# Task prompt
Only some lines are wanted: please transcribe exactly those from the one containing "Осенью того же" through the end of the data, pictures excluded.

# Source material
# # # # #
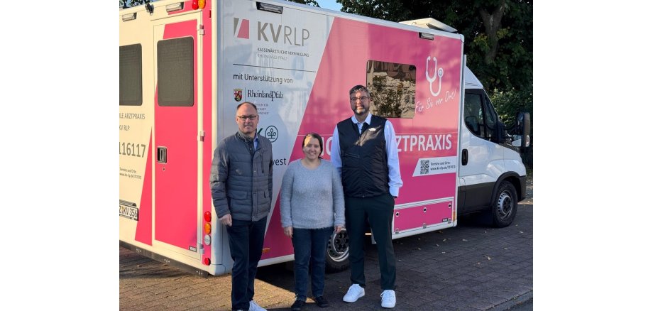 Auf dem Bild zu sehen: Bürgermeister Jens Güllering, die Ärztin der Mobilen Arztpraxis sowie Stadtbürgermeister Marco Ludwig (von links) am Standort Bürgerhaus Nastätten.
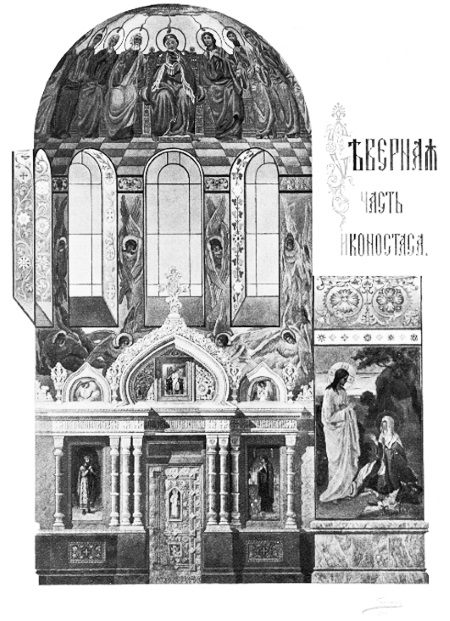 Осенью того же года оконченную вчерне постройку осматривали представители Санкт-Петербургского общества архитекторов, выразившие восхищение тщательностью исполнения всех конструктивных частей здания и деталей его отделки. Среднюю, надалтарную главу по предложению художника П.П. Чистякова выложили золоченой смальтой (работа мозаичной мастерской Фроловых). Главы боковых апсид и колокольни покрыты в 1897-1900 годах золоченой медью. Правда, здесь случился казус. Купол колокольни быстро потемнел, и в 1911-1913 годах позолоту заменили кантарельным покрытием под наблюдением В.А. Фролова.
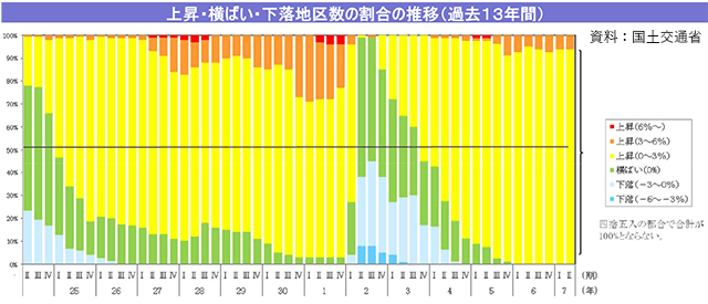 このうち住宅地は22地区すべてで上昇したが、変動率区分に変化はなかった。「福岡県大濠」も引き続き「上昇(3~6%)」の高い上昇率を維持した。商業地も58地区のすべてで上昇。「中野区中野駅周辺」では、変動率区分が「上昇(0~3%)」から「上昇(3~6%)」に移行。「横浜市みなとみらい」は上昇率が鈍化し、変動率区分が「上昇(3~6%)」から「上昇(0~3%)」に移行している。
# # # # #
# Written solution
 Осенью того же года оконченную вчерне постройку осматривали представители Санкт-Петербургского общества архитекторов, выразившие восхищение тщательностью исполнения всех конструктивных частей здания и деталей его отделки. Среднюю, надалтарную главу по предложению художника П.П. Чистякова выложили золоченой смальтой (работа мозаичной мастерской Фроловых). Главы боковых апсид и колокольни покрыты в 1897-1900 годах золоченой медью. Правда, здесь случился казус. Купол колокольни быстро потемнел, и в 1911-1913 годах позолоту заменили кантарельным покрытием под наблюдением В.А. Фролова.
 このうち住宅地は22地区すべてで上昇したが、変動率区分に変化はなかった。「福岡県大濠」も引き続き「上昇(3~6%)」の高い上昇率を維持した。商業地も58地区のすべてで上昇。「中野区中野駅周辺」では、変動率区分が「上昇(0~3%)」から「上昇(3~6%)」に移行。「横浜市みなとみらい」は上昇率が鈍化し、変動率区分が「上昇(3~6%)」から「上昇(0~3%)」に移行している。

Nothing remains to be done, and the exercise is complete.